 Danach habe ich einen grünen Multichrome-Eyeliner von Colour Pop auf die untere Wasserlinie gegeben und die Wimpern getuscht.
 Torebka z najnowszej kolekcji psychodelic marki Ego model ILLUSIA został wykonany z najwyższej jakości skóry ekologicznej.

==

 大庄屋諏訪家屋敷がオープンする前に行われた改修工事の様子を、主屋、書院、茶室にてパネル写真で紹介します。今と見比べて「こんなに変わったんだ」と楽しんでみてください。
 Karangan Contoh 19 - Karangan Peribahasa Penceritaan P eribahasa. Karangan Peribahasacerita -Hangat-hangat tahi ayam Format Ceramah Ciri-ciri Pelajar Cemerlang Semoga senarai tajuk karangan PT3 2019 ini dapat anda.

Activity: Everything in the material above from the line that has "Danach habe ich" through the line that has "Torebka z najnowszej" must be duplicated exactly, with no other lines given.

Output:
 Danach habe ich einen grünen Multichrome-Eyeliner von Colour Pop auf die untere Wasserlinie gegeben und die Wimpern getuscht.
 Torebka z najnowszej kolekcji psychodelic marki Ego model ILLUSIA został wykonany z najwyższej jakości skóry ekologicznej.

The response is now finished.